Dagster Integration:
Using Databricks with Dagster
About this Integration
The dagster-databricks
integration library provides the PipesDatabricksClient
resource, enabling you to launch Databricks jobs directly from Dagster assets and ops. This integration allows you to pass parameters to Databricks code while Dagster receives real-time events, such as logs, asset checks, and asset materializations, from the initiated jobs. With minimal code changes required on the job side, this integration is both efficient and easy to implement.
Installation
pip install dagster-databricks
Example
Dagster Code
import os
import sys
from dagster_databricks import PipesDatabricksClient
from dagster import AssetExecutionContext, Definitions, EnvVar, asset
from databricks.sdk import WorkspaceClient
from databricks.sdk.service import jobs
@asset
def databricks_asset(
context: AssetExecutionContext, pipes_databricks: PipesDatabricksClient
):
task = jobs.SubmitTask.from_dict(
{
# The cluster settings below are somewhat arbitrary. Dagster Pipes is
# not dependent on a specific spark version, node type, or number of
# workers.
"new_cluster": {
"spark_version": "12.2.x-scala2.12",
"node_type_id": "i3.xlarge",
"num_workers": 0,
"cluster_log_conf": {
"dbfs": {"destination": "dbfs:/cluster-logs-dir-noexist"},
},
},
"libraries": [
# Include the latest published version of dagster-pipes on PyPI
# in the task environment
{"pypi": {"package": "dagster-pipes"}},
],
"task_key": "some-key",
"spark_python_task": {
"python_file": "dbfs:/my_python_script.py", # location of target code file
"source": jobs.Source.WORKSPACE,
},
}
)
print("This will be forwarded back to Dagster stdout")
print("This will be forwarded back to Dagster stderr", file=sys.stderr)
extras = {"some_parameter": 100}
return pipes_databricks.run(
task=task,
context=context,
extras=extras,
).get_materialize_result()
pipes_databricks_resource = PipesDatabricksClient(
client=WorkspaceClient(
host=os.environ["DATABRICKS_HOST"],
token=os.environ["DATABRICKS_TOKEN"],
)
)
defs = Definitions(
assets=[databricks_asset], resources={"pipes_databricks": pipes_databricks_resource}
)
Databricks Code
from dagster_pipes import (
PipesDbfsContextLoader,
PipesDbfsMessageWriter,
open_dagster_pipes,
)
# Sets up communication channels and downloads the context data sent from Dagster.

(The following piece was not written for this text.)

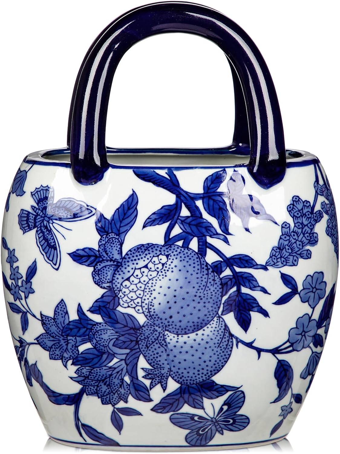 Bring Timeless Elegance to Every SpaceDiscover the perfect fusion of art and function with our ceramic blue floral vase. Designed to captivate, this handbag shaped masterpiece features delicate blue flowers and foliages motifs against a luminous white glaze, echoing traditional Asian inspired artistry through meticulously hand-painted details. Its dual arched handles blend portability with sophisticated design, elevating tabletops instantly.Perfect Proportions, Versatile StyleIts compact silhouette enhances tight spaces without dominating. Place it on office desks, bathroom vanities, or narrow kitchen counters for an instant style upgrade. The transitional blue-and-white palette harmonizes with: Farmhouse kitchens (pair with wood cutting boards + linen textiles) Modern bedrooms (style beside brass lamps + neutral ceramics) Boutique hotel lobbies or guesthouse staging (use as elegant standalone decor)Create Your Signature Vignette✓ Style empty on entryway consoles with stacked books✓ Fill with dried grasses for rustic dining table centerpieces✓ Group multiples on shelves for curated gallery impact✓ Accent with candles for spa-like bathroom serenityEffortless Sophistication, Zero MaintenanceResistant to fading, warping, and watermarks—simply wipe with a damp cloth to maintain its luster. An ideal gift for weddings, housewarmings, or anyon.Kindly Note:Flowers are not included. Floral arrangements shown for inspiration only.Please allow 1.5"-2" differs due to manual measurements.Due to different light settings the actual color might vary a bit from the pictures.

# Note that while other `context_loader` and `message_writer` settings are
# possible, it is recommended to use `PipesDbfsContextLoader` and
# `PipesDbfsMessageWriter` for Databricks.
with open_dagster_pipes(
context_loader=PipesDbfsContextLoader(),
message_writer=PipesDbfsMessageWriter(),
) as pipes:
# Access the `extras` dict passed when launching the job from Dagster.
some_parameter_value = pipes.get_extra("some_parameter")
# Stream log message back to Dagster
pipes.log.info(f"Using some_parameter value: {some_parameter_value}")
# ... your code that computes and persists the asset
# Stream asset materialization metadata and data version back to Dagster.
# This should be called after you've computed and stored the asset value. We
# omit the asset key here because there is only one asset in scope, but for
# multi-assets you can pass an `asset_key` parameter.
pipes.report_asset_materialization(
metadata={
"some_metric": {"raw_value": some_parameter_value + 1, "type": "int"}
},
data_version="alpha",
)
About Databricks
Databricks is a unified data analytics platform that simplifies and accelerates the process of building big data and AI solutions. It integrates seamlessly with Apache Spark and offers support for various data sources and formats. Databricks provides robust tools to create, run, and manage data pipelines, making it easier to handle complex data engineering tasks. Its collaborative and scalable environment is ideal for data engineers, scientists, and analysts who need to process and analyze large datasets efficiently.